Больше он ничего не сказал. Развернулся и вышел. В кабинете повисла тишина, звонкая, как хрусталь. Жуков, белый как мел, беспомощно булькнул что-то и повалился в кресло.

— Работайте, товарищ Борисов, — просипел он. — Как планировали. Все вопросы… я решу.

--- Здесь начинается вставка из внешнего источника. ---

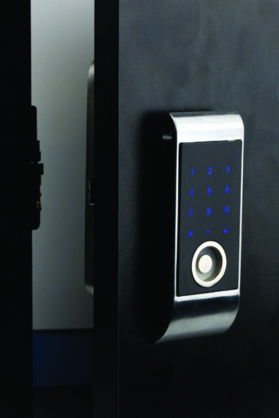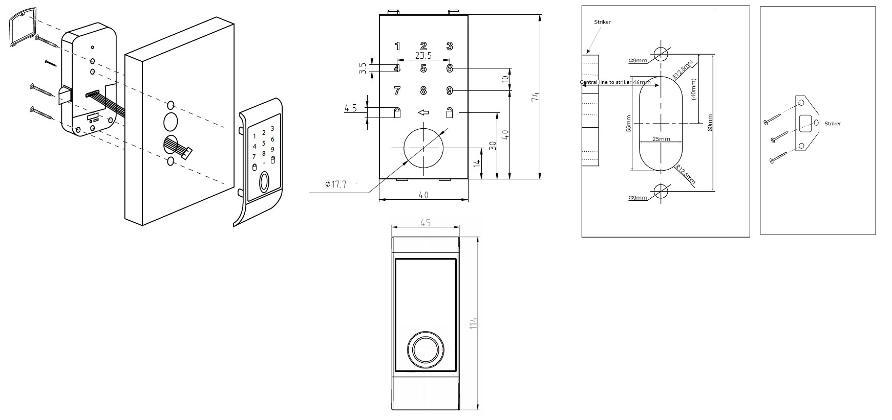 Electronic Slam Lock, W/LED Keypad, SS-Look, W/PTO Striker, Incl. Black Distance Spacer Frame to be Used if Spring Function is Wanted, Public Type W/Temporary User Code, Operated by 1-9 Digit Code or by Wristband with Chip, W/Master function Operated by Mother Wristband Keypad made of Zamak, Lock Body made of Steel & Striker made of Black Plastic,Wristebands to be Ordered Seperately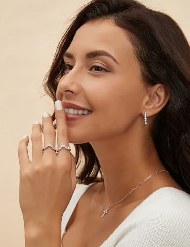 Mameloly Wedding Bands for Women Pear & Round Shaped Stackable Cubic Zirconia Half Eternity CZ Curved Engagement Rings for Her Size 3-12 5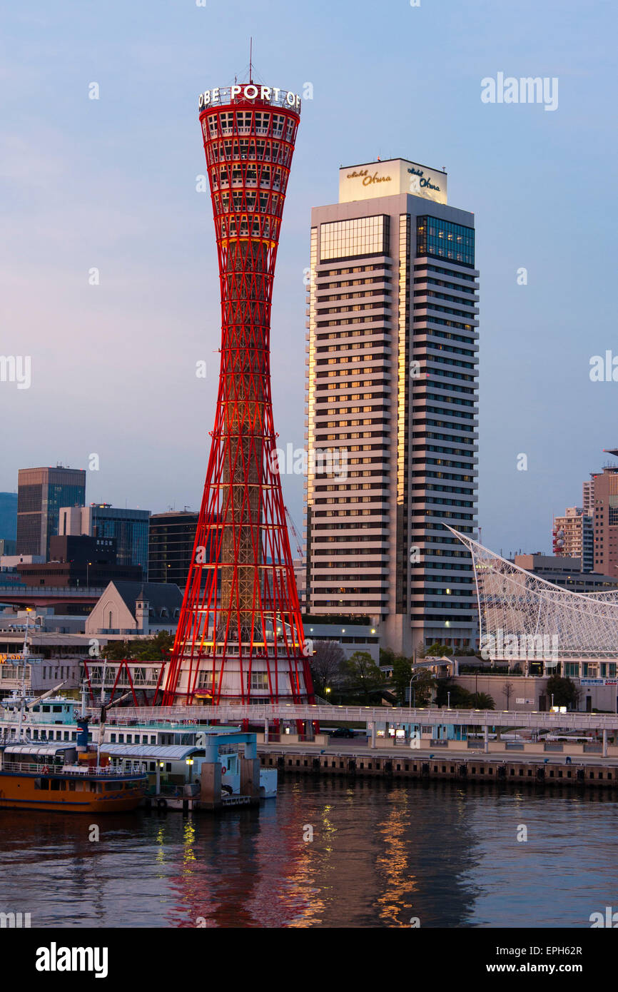 Kobe Famous Waterfront View Of The Red Kobe Port Tower The Okura Hotel High Rise And The White Metal Frame Work Structure Of The Maritime Museum Stock Photo Alamy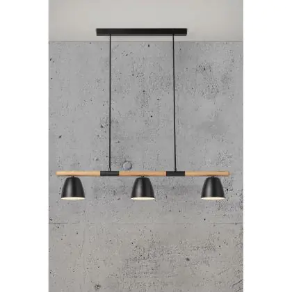 Nordlux Theo 3-Rail Pendant Metal and Wood Black | Suitable for 3x GU10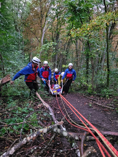 Angenommen wurde ein Einsatzszenario mit zwei verletzten Personen, die möglichst schnell und sicher aus dem unwegsamen Gelände gerettet werden mussten. Das aufziehende Gewitter verdeutlichte dabei die Bedeutung eines zügigen und gut abgestimmten Vorgehens. Gleichzeitig bot die Übung auch den Anwärterinnen und Anwärtern Gelegenheit, wertvolle Praxiserfahrung zu sammeln.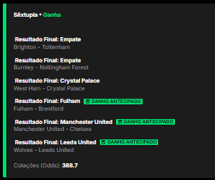 Mais uma aposta de valor baixo, com R$5 e, nessa daqui, a cravada foi na Premiere League. Seis jogos e seis resultados finais cravados com sucesso. Se liga na mitada: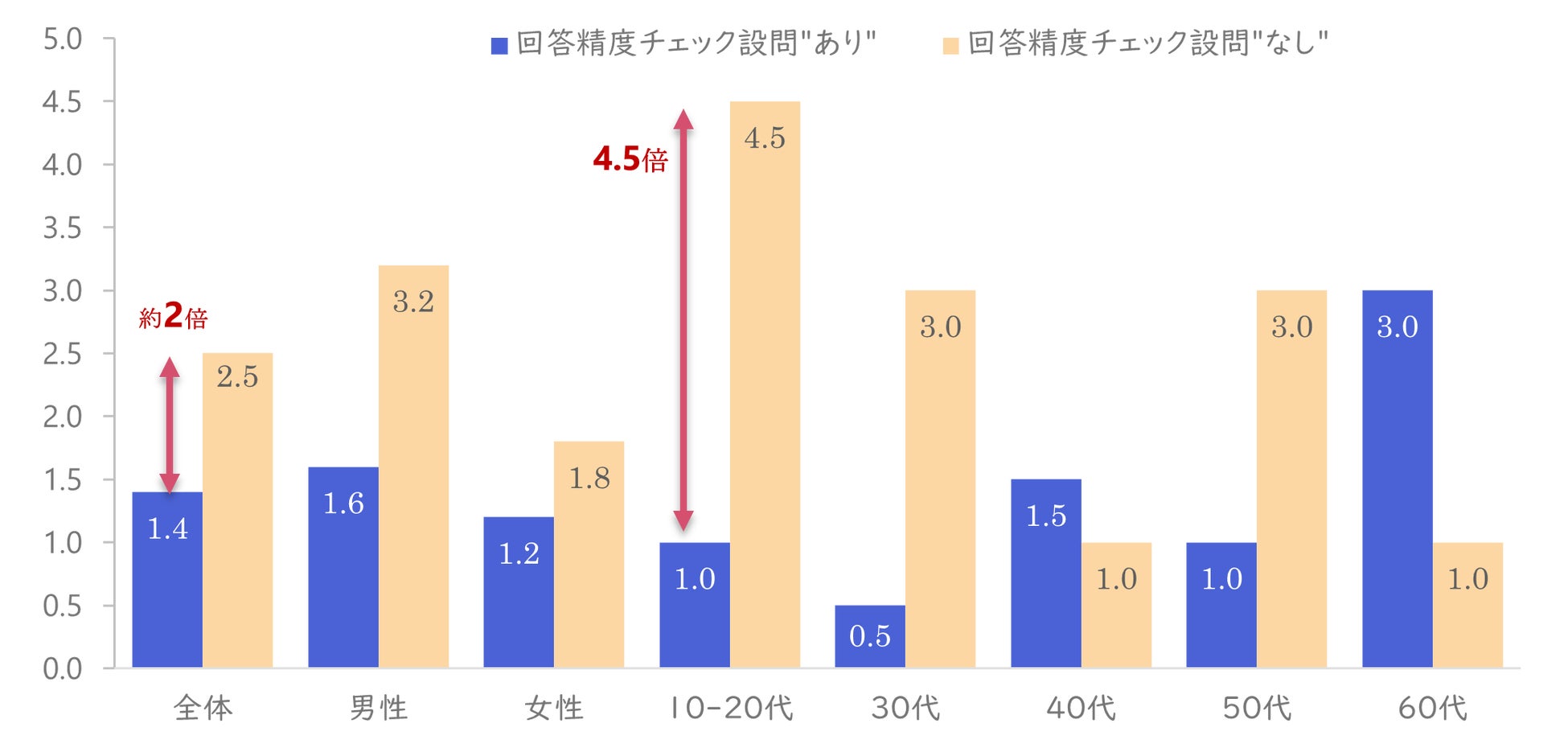 ・年代別では回答精度チェック設問がある場合とない場合で、不正回答者の発生率が最大4倍差がある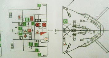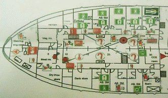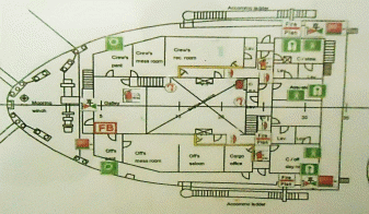 На судне имеются, 22 защитных костюма, они находятся у каждого члена экипажа в каюте, в ЦПУ и на мостике для вахты. На судне имеются 22 спасательных жилета, они находятся у каждого члена экипажа в каюте, в ЦПУ и на мостике для вахтенной службы. На судне имеются две открытые спасательные шлюпки на 39 человек, они находятся на шлюпочной палубе по бортам судна. На судне имеются два сбрасываемых спасательных плота на 16 человек они находятся на шлюпочной палубе рядом со шлюпками. На судне есть 20 термокостюмов, они находятся в шлюпках, и в ящиках на месте сбора экипажа при тревоге. На судне есть два спасательных круга с дымовой шашкой и сигнальным огнем они находятся на крыльях мостика. Так же на судне имеются три спасательных круга с сигнальным огнем они находятся, один на главной палубе на правом бору и два других на шлюпочной палубе на корме. На судне имеются два спасательных круга с линем по 18 м, они находятся на спардечной палубе в корме. На судне есть два простых спасательных круга без дополнительного оборудования, они находятся на палубе бака. На судне есть один радиомаяк EPIRB , он находится на мостике. На судне есть два буя радара SART, они находятся на капитанском мостике. Три переносных рации, они так же находятся на мостике. Четыре линемёта они то же находятся на мостике судна. 24 парашютные ракеты они находятся в шлюпках и на мостике судна. 12 фальшфейеров они то же находятся в шлюпках и на ходовом мостике. 2 штормовых трапа они находятся на шлюпочной палубе около шлюпок. 9 дыхательных аппаратов, они находятся в машинном отделении и на жилых палубах. На судне имеется большая медицинская аптечка, она находится в госпитале.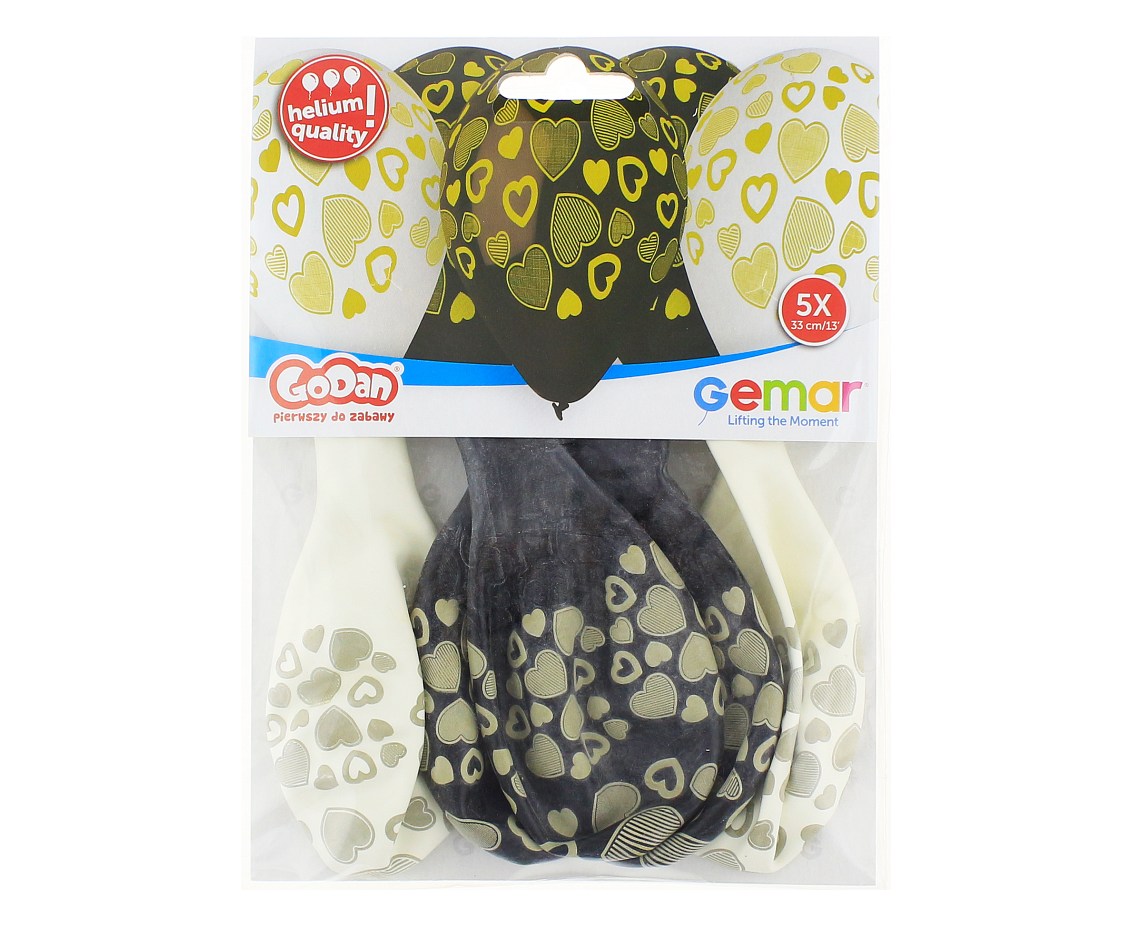Dimensiune in centimetri: aproximativ 33 cm Numar de bucati in pachet: 5 Culoare: alb-negru Amprentă: inimioare de aur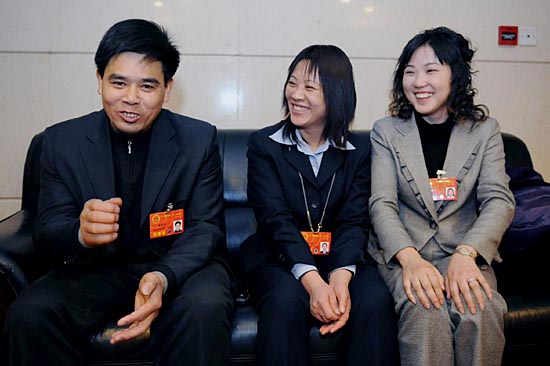 | 3月3日,三位農(nóng)民工全國人大代表康厚明(左)、胡小燕(中)和朱雪芹(右)在北京交談。新華社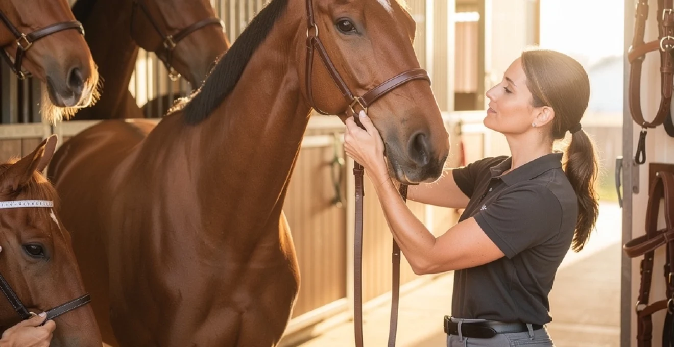 Mesure de la têtière et adaptation au chanfrein du cheval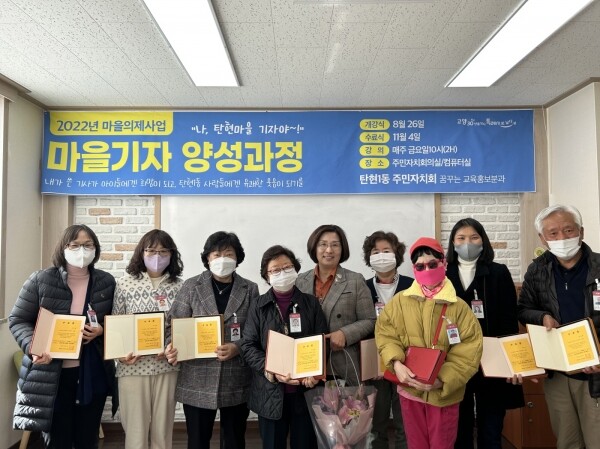 조경순 탄현1동 주민자치회장은 “마을기자 양성과정에 참여해주신 탄현1동 명예 마을기자들께 감사하고 축하드린다”며“이번 탄현1동 4분기 마을신문인‘ 숯향기마을 29호’가 기대된다”고 말했다.

Лев вышел из кабинета, его слегка трясло. Он не чувствовал триумфа, он чувствовал лишь ледяной ужас от той бездны, у края которой они все балансировали.

Шли недели. Площадка преображалась на глазах. Теперь это был не грязный пустырь, а гигантский организм, живущий по своим законам. Стояли башенные краны, день и ночь гудели бетономешалки, рос, набирая этажи, стальной скелет главного корпуса. Лев и Крутов, ставшие за эти месяцы если не друзьями, то уважающими друг друга соратниками, ежедневно обходили объект. Однажды вечером они поднялись на строящийся восьмой этаж. Отсюда, как на ладони, была видна вся панорама: грандиозная стройка, блестящая на закате лента Волги, бескрайние степи за рекой.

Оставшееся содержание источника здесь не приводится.